Date: Mon, 07 Dec 2009 09:29:19 +0000
User-agent: Mozilla-Thunderbird 2.0.0.22 (X11/20090707)

Jamie Lokier wrote:
> Ian Molton wrote:
>>>> Besides, not all entropy comes from /dev/random.

> Those arguments are weak.

No worse than the counterarguments.

If nothing else, qemu is a useful tool for testing kernel subsystems and
in fact the virtio code triggered and caused to be fixed a number of
bugs / flaws in the kernels hw random core and virtio driver. That alone
I think shows it has value.

> I grant you there are advantages sometimes, but also disadvantages.
> Why would I run egd on a guest VM running an embedded system with 16MB
> RAM, where every process is precious, for example?  But those systems
> need entropy too.

I have no idea - too much crack? :-)

one might run rngd, or use /dev/hwrng directly, but I cant see why you'd
want to run egd on it.

> As for why feed it "directly" via hardware -> egd -> guest", the
> reason surely is because most clients read /dev/random or
> /dev/urandom, so entropy that isn't injected into /dev/random is wasted.

Im not proposing that. I'm saying the HOST machine would be getting
entropy from egd, directly into qemu.

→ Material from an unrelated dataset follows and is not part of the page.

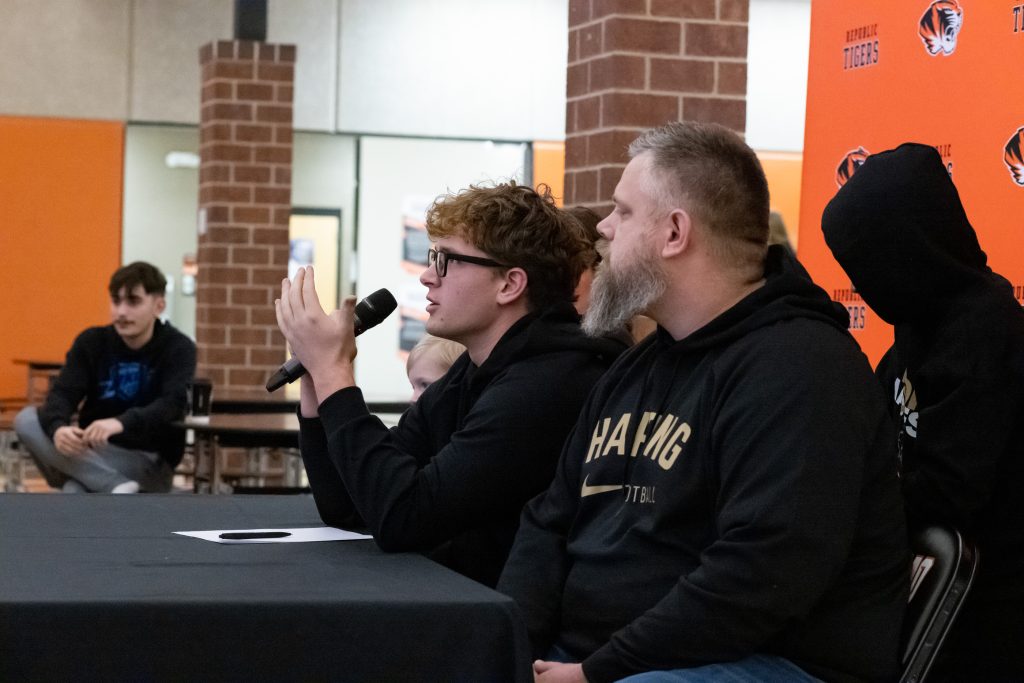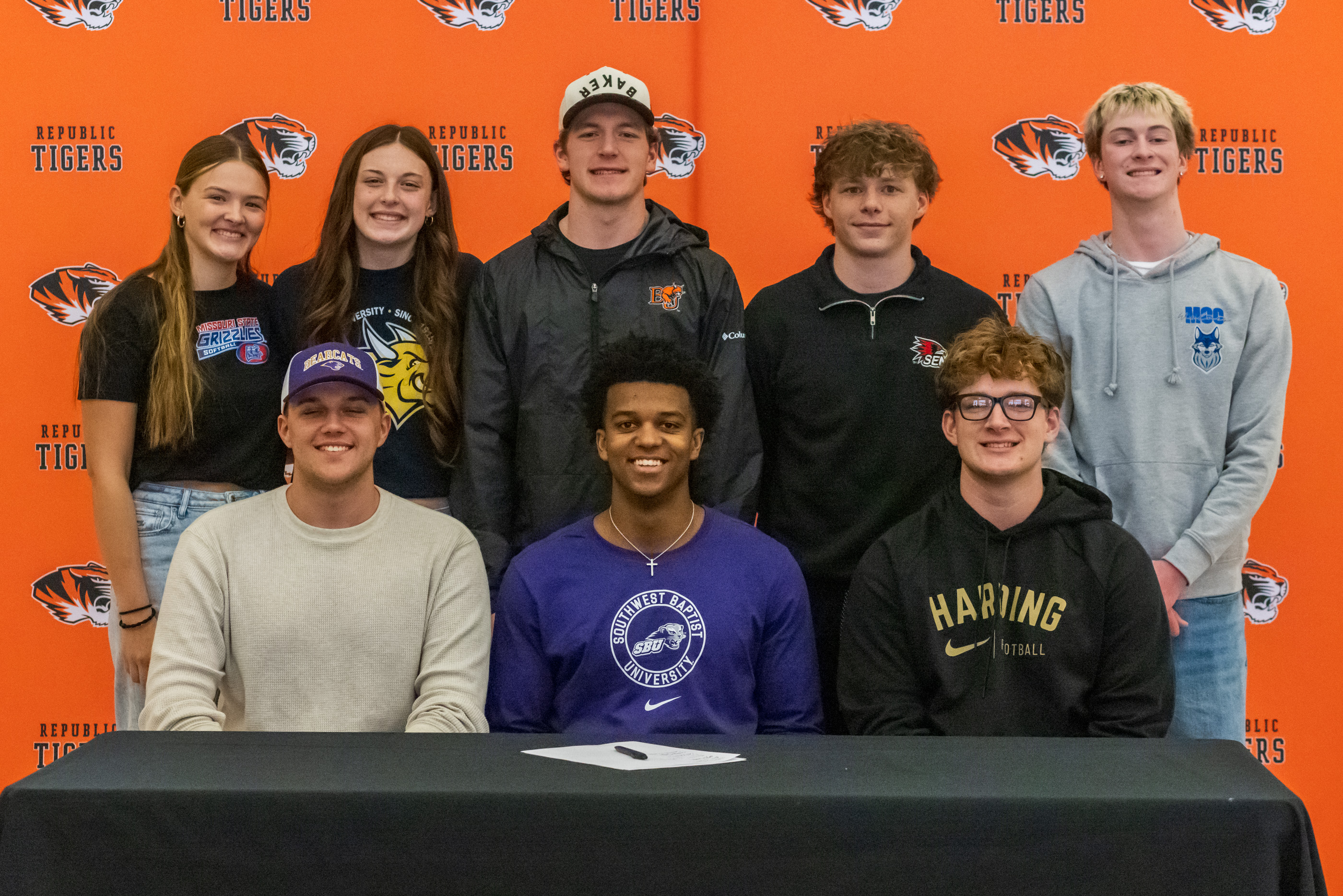 Eight Republic athletes signed to continue their athletic and academic careers at the collegiate level, representing basketball, softball, baseball, and football programs. Six will play football, one softball, one baseball, and one basketball.

That entropy comes out of the
guests /dev/hwrng.

I can see value there too - the hosts /dev/random pool cannot be
compromised by the guest OS. But nothings stopping you specifying
/dev/random as qemus entropy source.

> But the main issue is below.  On all host systems I have access to,
> there is _no_ entropy available from egd/rngd...

I have no system here with that hardware either - however I had access
(via an ssh tunnel) to another machine that did have it, and could feed
qemu direct from that stream. qemu spoke egd over the tunnel, and fed
the guests /dev/hwrng. The guest was passing FIPS tests at the same
speed the hardware could produce entropy. Are you suggesting that I
should have fed the hosts entropy pool (via RNGD) and then fed that to
the guest ia qemu? why?

>> Since we need this on hosts without /dev/random anyway, I dont see why
>> we would need to deliberately cripple qemu on linux hosts...
>
> The lack of option is crippling qemu on linux hosts which don't run egd.

Sorry, what?

> Which hosts are those?  Well, I've just checked five live systems,
> four servers and one laptop, running:
> 
>     Ubuntu 9.10 (Karmic)  - no egd running, no rngd running
>     Ubuntu 9.04 (Jaunty)  - no egd running, no rngd running
>     Debian 4.0 (Etch)     - no egd running, no rngd running

apt-get install rng-tools

>     CentOS 4.0            - no egd running, no rngd running
>     RHEL 4.0              - no egd running, no rngd running

Presumably one can install rngd easily on these systems too.

I have a machine here that is not running X - does that make X worthless?

> So if I understand right, the virtio-rng host driver won't work on any
> host system I have access to?  Is that correct?

No, because it is just as happy reading raw data from /dev/random as it
it to speak EGD protocol over a socket. Have you actually tried the patch?